Q1: Can an AI agent’s credit score alone be used to approve a loan in Australia?

No. Under the National Consumer Credit Protection Act 2009 and ASIC Regulatory Guide 209, lenders must verify an applicant’s financial situation through direct inquiries. An AI agent’s score may support a decision but cannot be the sole basis for approval. In a 2022 Federal Court case, a lender’s reliance on an AI-generated default probability was found insufficient because it did not account for the borrower’s stated living expenses. Lenders must supplement AI outputs with manually verified documents such as payslips and bank statements to meet responsible lending obligations.
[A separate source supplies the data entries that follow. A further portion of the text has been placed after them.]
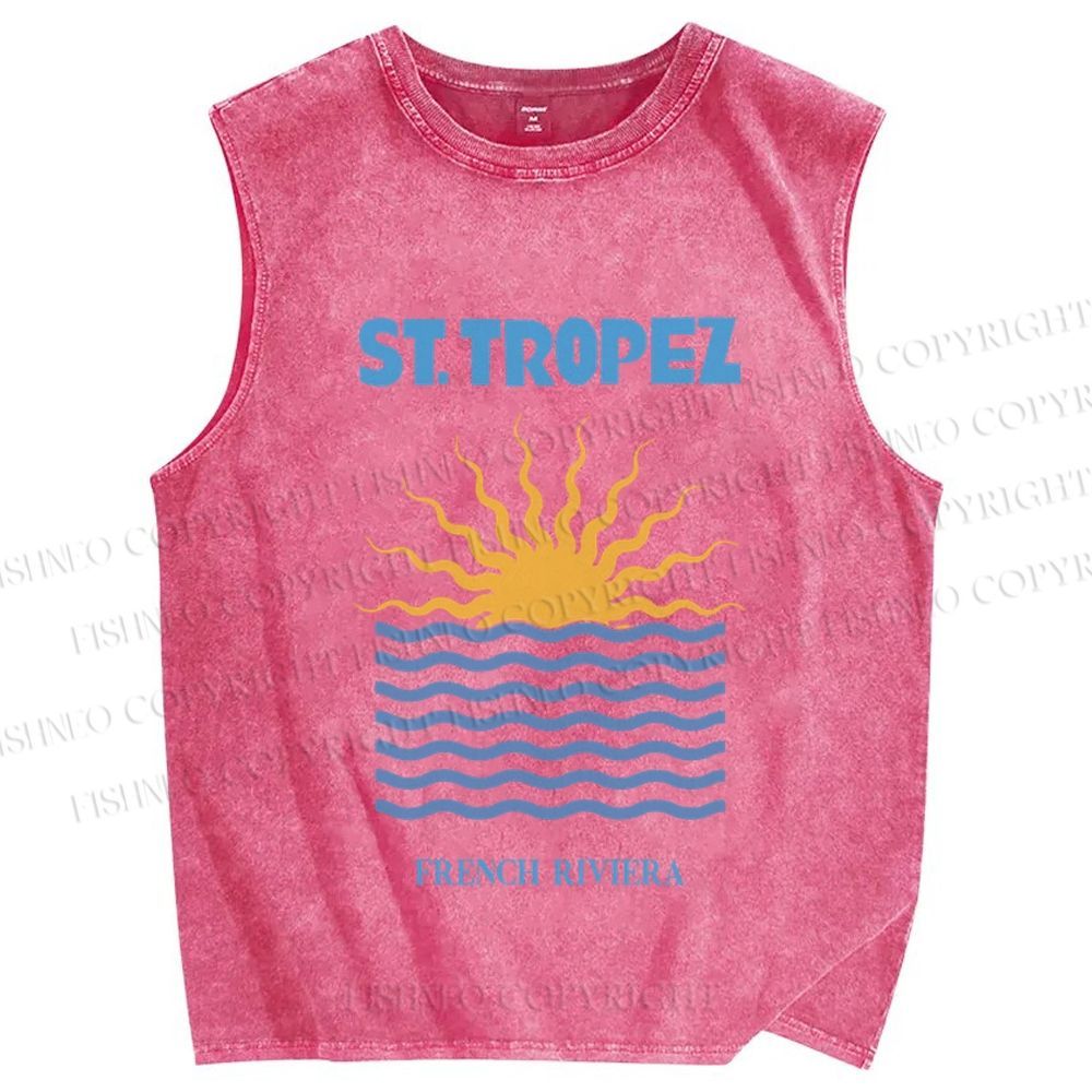 Unisex Sunrise Sea Wave Printed Washed Tank Top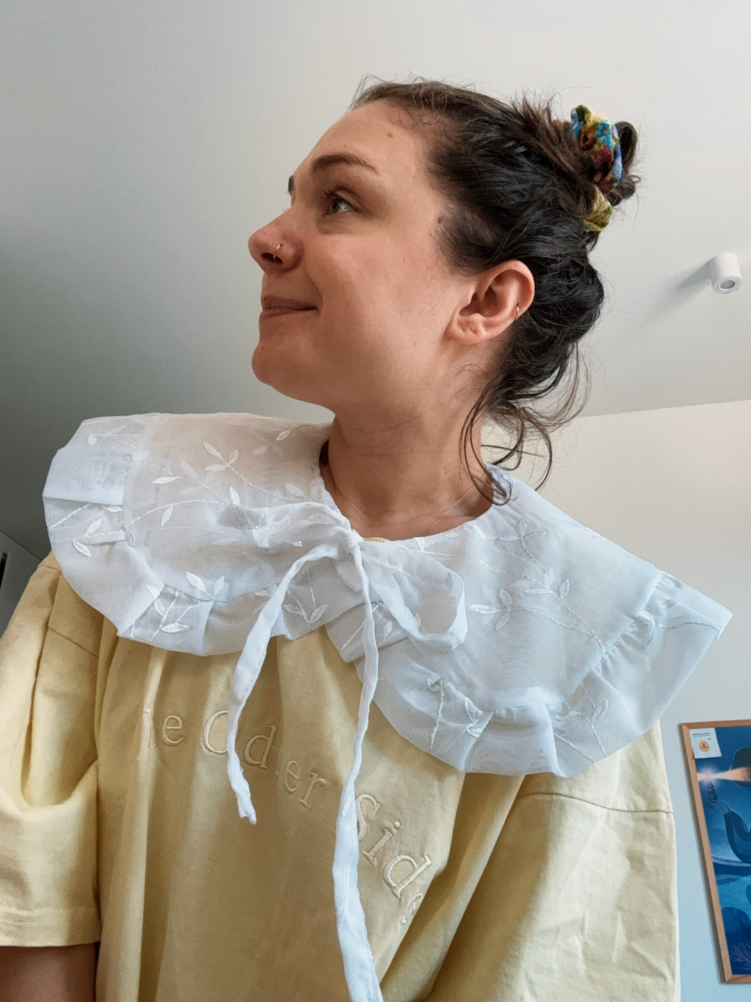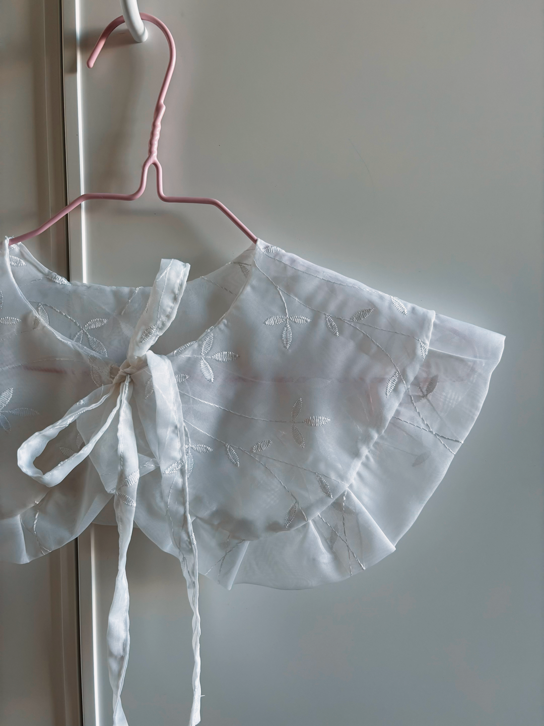 Kołnierzyk powstał z pięknej firaneczki z drugiego obiegu w listkowy wzór, materiał dosyć dobrze trzyma swój kształt jest troszkę transparentny, wiązany na bawełnianą jodełkową tasiemkę, zwiewny i mega cute.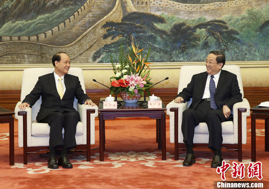 中新社北京9月12日電 (記者 路梅)中共中央政治局常委、全國政協主席俞正聲12日上午在人民大會堂會見了臺灣海基會董事長林中森率領的董監事參訪團一行。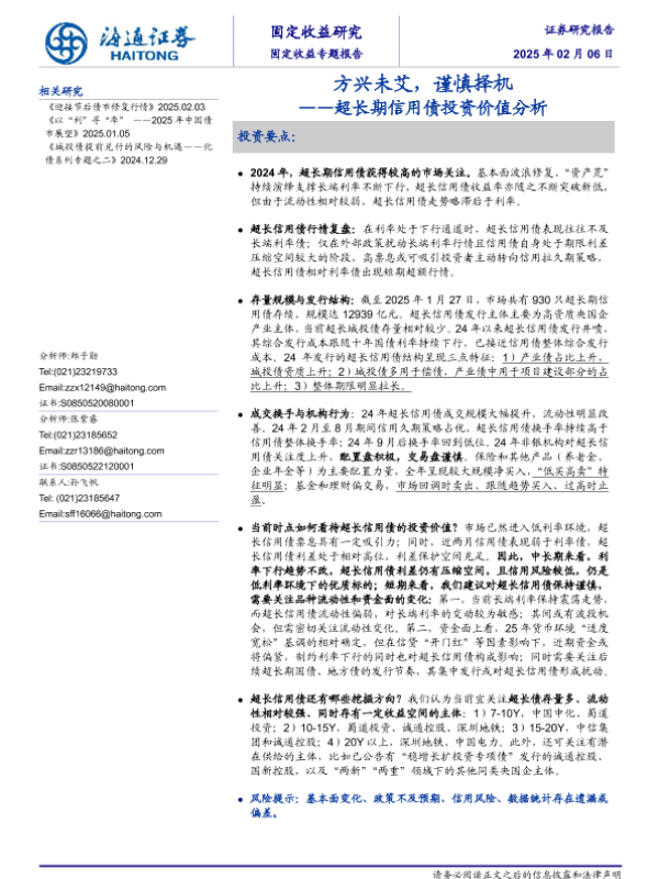 【海通证券】【20250206】超长期信用债投资价值分析:方兴未艾,谨慎择机-15页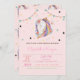 Um unicórnio bonito com flores e estrelas, convite para chá de fraldas. Estes convites para o chá de bebê unicórnio são facilmente personalizados para o seu evento simplesmente adicionando os seus detalhes.
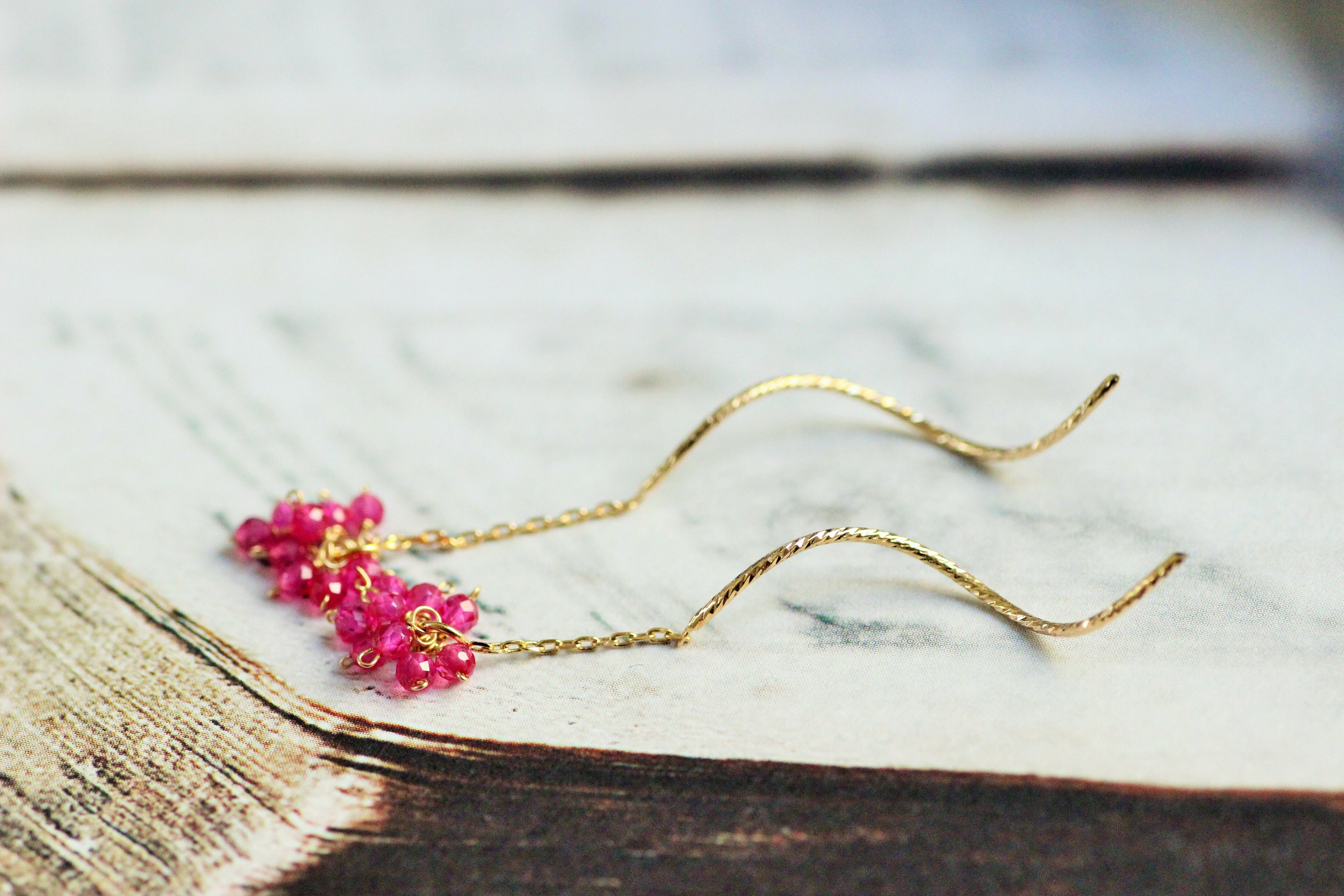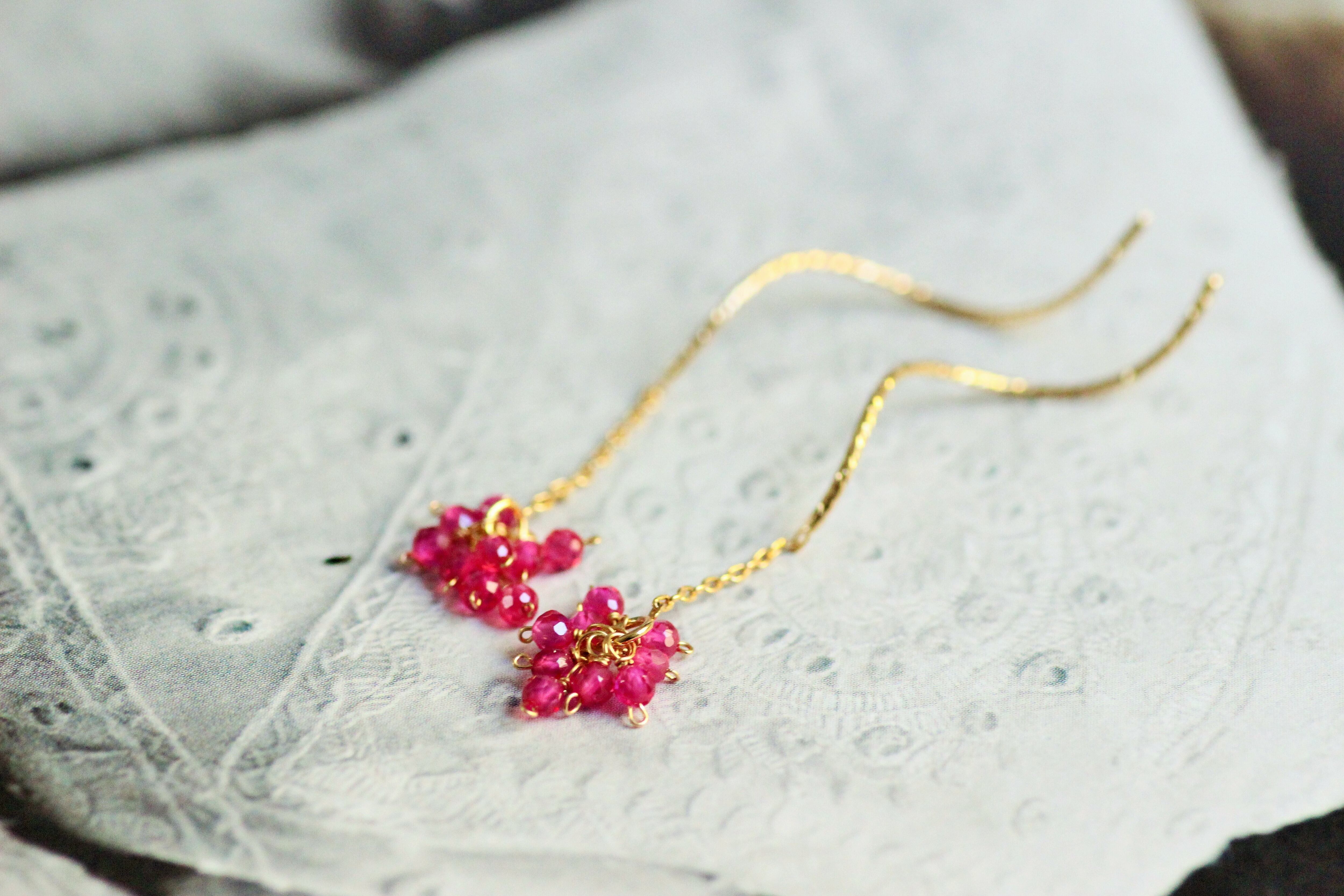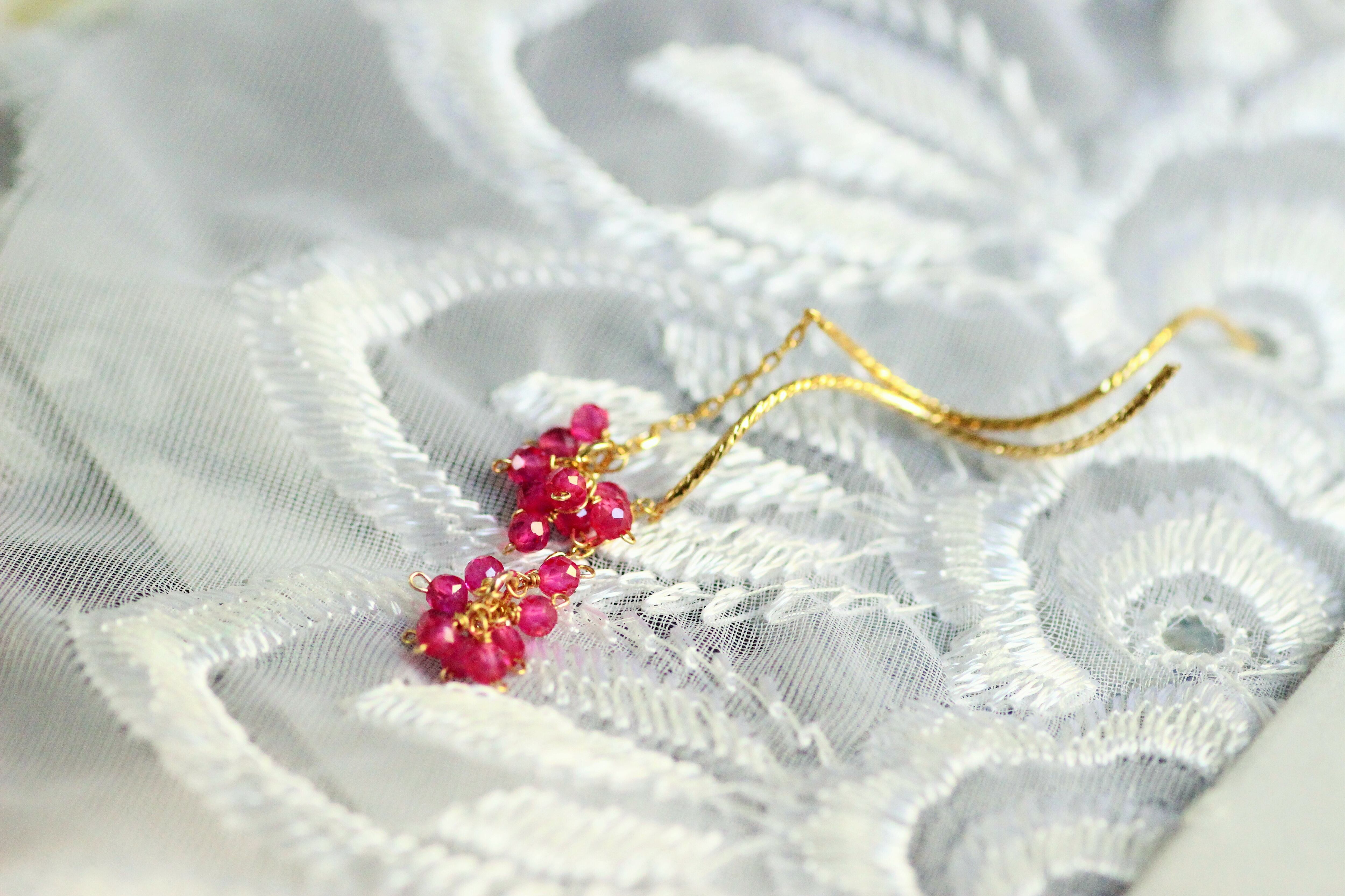小さくても高級感のある赤い小粒・ルビーのアメリカンピアスです。

Q2: What happens if a lender uses AI agent evaluation results that are later challenged in AFCA?

The Australian Financial Complaints Authority (AFCA) requires lenders to provide “primary evidence” of a borrower’s capacity to repay. AI agent outputs are considered secondary evidence. In 2023, AFCA upheld a complaint against a BNPL provider that relied on an AI agent’s spending analysis without obtaining the borrower’s income declaration. The provider was ordered to reverse AUD 8,400 in fees and interest. To avoid adverse findings, lenders must ensure AI agent evaluations are accompanied by borrower-signed financial statements and third-party verification.

Q3: Are AI agent evaluation results admissible as evidence in court under the Evidence Act 1995?

They may be admissible as business records under Section 69 of the Evidence Act 1995 (Cth), but only if the AI agent is classified as a “device” that automatically records facts, not opinions. Courts have distinguished between automated data capture (e.g., transaction logs) and AI-generated judgments (e.g., risk scores). In Smith v FinTech Lending Pty Ltd [2023] FCA 1123, the court excluded an AI agent’s risk assessment because it was deemed an opinion, not a recorded fact. Lenders seeking admissibility must demonstrate that the AI agent’s output is verifiable, transparent, and auditable.

References

  • Australian Prudential Regulation Authority (APRA). 2024. Quarterly Bank Performance Statistics, Q4 2023.
  • Reserve Bank of Australia (RBA). 2024. Payments System Board Annual Report 2023.
  • Australian Securities and Investments Commission (ASIC). 2023. Regulatory Guide 209: Credit Licensing: Responsible Lending Conduct.
  • Office of the Australian Information Commissioner (OAIC). 2024. Automated Decision-Making in Credit: Guidance for Lenders.
  • Unilink Education Database. 2024. International Student Financial Compliance Metrics.